“Ieri notte, 16 gennaio, l’allegra catasta bruciò in piazza per tutti. Oggi, diciassette, come ogni anno e dal tempo dei padri, è tornato il carnevale. È tornato con i prigionieri muti: vecchi prigionieri muti, vecchi cattivi vestiti alla rovescia, con la cintura di campanacci e la collana di sonagli…”
Così Salvatore Cambosu racconta in “Miele Amaro” il rito del fuoco di Sant’Antonio Abate a Orotelli, suo paese natale.

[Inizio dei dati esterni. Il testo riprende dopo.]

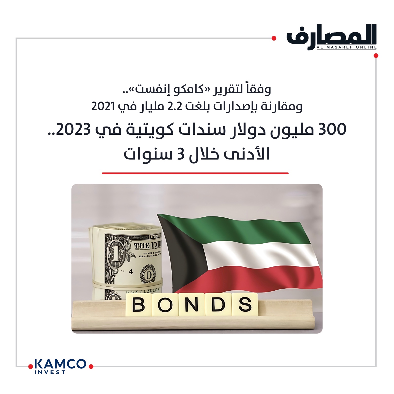 وفقاً لتقرير «كامكو إنفست».. ومقارنة بإصدارات بلغت 2.2 مليار في 2021300 مليون دولار سندات كويتية في 2023.. الأدنى خلال 3 سنوات

L’accensione dei falò in onore del santo taumaturgo egiziano, nato nel deserto della Tebaide nel 251, è un rito che permea tutto il Mediterraneo cristiano. Sicuramente un momento dell’anno fondamentale per la Sardegna, perché la festa in onore di Sant’Antoni ‘e su fogu, è un punto di svolta dell’anno, tra ciò che è stato e ciò che sarà.
È un rito purificatore quello del fuoco, che brucia il passato per far rinascere il futuro. E non importa che la dolce primavera sia ancora di là da venire e che le settimane in arrivo siano le più fredde dell’anno: si fa tesoro dell’oscurità ma ora le giornate si allungano, bisogna festeggiare, è finalmente carnevale!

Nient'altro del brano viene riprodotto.